Mengenai dinamika perkuliahan, meskipun ini sudah merupakan kedatangan yang kedua kalinya, ternyata saya masih cukup kagok juga saat hadir di kelas perdana pagi itu. Begitu sampai di kelas, saya tambah kaget karena tahu bahwa tiga dari empat kelas yang saya ambil ternyata pesertanya dicampur dengan mahasiswa S3. Saya hanya bisa tertawa miris membayangkan harus berdiskusi menggunakan kosakata akademis dan istilah-istilah linguistik dalam Bahasa Mandarin dengan teman-teman yang pengetahuan dan pengalamannya tentu sudah jauh di atas saya. Dan benar saja, kuliah tatap muka yang didominasi presentasi individu dan diskusi materi betul-betul membutuhkan kesigapan telinga untuk menyimak isi diskusi dan lidah yang licin untuk merespon pertanyaan-pertanyaan yang kapan saja bisa dilemparkan ke kita.

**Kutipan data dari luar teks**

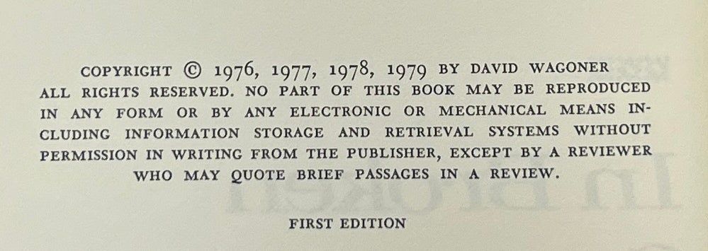 Boston: Little, Brown & Co, 1979. First Edition. Hardcover. Fine/Fine. Inscribed by Wagoner on the front endpaper. Fine in an about Fine jacket, unclipped ($8.95), rubbed at the front flap fold. Green cloth with silver gilt lettering on the spine. Square and firmly bound, clean internally. Wagoner's National Book Award-nominated collection of poems.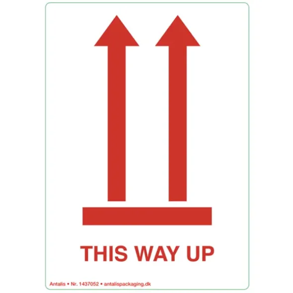 Etiketter selvklæbende tryk:This way up 120x86mm 500stk/rul

Masih segar dalam ingatan, di minggu-minggu awal kuliah saya hanya bisa diam seribu bahasa menyaksikan teman-teman sekelas saya presentasi dan diskusi tanpa rasa gugup sama sekali. Rasanya takut sekali mau buka mulut buat angkat bicara. Saya takut kalau kosakata yang saya pakai kurang tepat atau terlalu sederhana. Saya takut ditertawakan. Saya takut diremehkan. Tapi di atas itu semua, yang paling saya takutkan adalah saya dianggap bodoh! Logikanya, orang mana sih yang ingin dianggap bodoh? Tentu tidak ada. Tapi logika ini sebenarnya tidak sepenuhnya cocok dalam dunia belajar. Saat masih belajar, jangan pakai mental sang juara, karena tanpa disadari mental ini membuat kita menjadi terlalu fragile, sensitif, salah sedikit saja sudah takut “gelar juaranya ternodai”, padahal kesalahan justru merupakan “nafas” yang bisa membuat proses belajar kita menjadi selalu “hidup”. Pembalap sepeda yang sudah berkali-kali juara biasanya sering merasa lebih frustrasi saat dia tergelincir. Sedikit saja tergelincir bisa membuatnya merasa ada “cacat” dalam prestasinya, padahal dia lupa saat masih amatiran dulu berkali-kali jatuh pun ia tidak terlalu merasa “sakit” karena dia tahu dia masih dalam proses belajar, dia masih amatiran. Jadilah dia bangkit lagi, naik sepedanya lagi, dan latihan lagi. Dalam konteks ini, mental si amatiran justru lebih kuat, atau bahasa Jawanya lebih kendel, daripada mental sang juara. Mental si amatiran yang tidak takut “terluka” itulah yang membuat dia bisa berkembang. Berangkat dari refleksi ini, dengan menggunakan mental si amatiran, saya pun kembali melangkahkan kaki ke kelas sambil berkata dalam hati: “Sikat saja Rin! Pasti bisa!”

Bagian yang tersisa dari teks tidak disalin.